Self-reform maintains Party’s vitality

How to break the pattern of being full of vitality at the beginning then becoming gradually corrupt and impotent is a pertinent and constant question for the Communist Party of China, which has ruled the country for 73 years.

That is why Xi Jinping, general secretary of the CPC Central Committee, stressed at the opening of the sixth plenary session of the 19th CPC Central Commission for Discipline Inspection on Tuesday the need for the Party to constantly carry out self-reform in order to continually renew itself.

The great lengths some corrupt elements within the Party have gone to in abusing the power they hold in their hands for personal gain verifies to the necessity of this. That there are always bad apples within the Party, who allow their own interest to get the better of themselves over the Party's original aspiration to serve the people points to the need for the Party to continually cleanse itself. As Xi said, the whole Party must demonstrate the courage to scrape the poison from the bone in carrying the anti-corruption campaign through to the end.

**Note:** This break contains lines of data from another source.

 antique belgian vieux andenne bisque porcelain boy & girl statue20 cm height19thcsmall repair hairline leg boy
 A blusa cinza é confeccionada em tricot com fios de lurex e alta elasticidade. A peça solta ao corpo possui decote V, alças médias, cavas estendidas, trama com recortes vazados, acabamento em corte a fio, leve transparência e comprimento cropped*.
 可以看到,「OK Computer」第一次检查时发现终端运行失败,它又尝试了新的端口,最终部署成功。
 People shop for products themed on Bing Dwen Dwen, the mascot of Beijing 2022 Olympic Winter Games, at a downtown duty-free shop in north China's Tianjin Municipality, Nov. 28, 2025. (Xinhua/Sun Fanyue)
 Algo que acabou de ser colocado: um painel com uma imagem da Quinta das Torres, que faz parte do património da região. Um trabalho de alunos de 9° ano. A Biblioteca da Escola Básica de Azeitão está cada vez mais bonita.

It is a never-ending task to make sure that the Party members, those in leadership positions in particular, bear in mind that the power they hold is not for them to line their own pockets and not for them to ride roughshod over the people, but for them to serve the interests of the people wholeheartedly.

Chairman Mao Zedong said in the 1940s that supervision by the people was the way to keep the Party clean and competent. Now Xi, who is the core of the Party and the country's top leader, has emphasized the importance of the Party also disciplining itself from within. The key to self-reform is the courage to confront problems squarely and cut to the heart of the matter in fixing them. The arduous fight against corruption is part of that. Xi called on all Party members to adhere to the spirit of self-reform, and avoid any slacking in the exercising of strict self-governance. It is not that the supervision by the people from outside does not carry enough weight for the Party to keep its vigor. It is that the oversight from outside is not enough.

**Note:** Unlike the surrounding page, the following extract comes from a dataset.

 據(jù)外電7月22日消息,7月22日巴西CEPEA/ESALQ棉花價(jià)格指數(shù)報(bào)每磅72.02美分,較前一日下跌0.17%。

In his speech to the CCDI session, Xi said that the self-discipline within the Party must be stringent and there must be zero-tolerance for any abuses of power by Party members and government officials. He stressed that whatever acts to infringe on the interests and rights of the people must be rectified.

Xi also emphasized the importance of self-cultivation for Party members, which, along with the increasingly heavier pressure of discipline, will hopefully cement the Party's original mission of pursuing a better life for the people in the minds of Party members. This is also essential for the constant self-reform of the Party. Only by carrying out self-reform will the CPC keep itself invigorated as a ruling Party.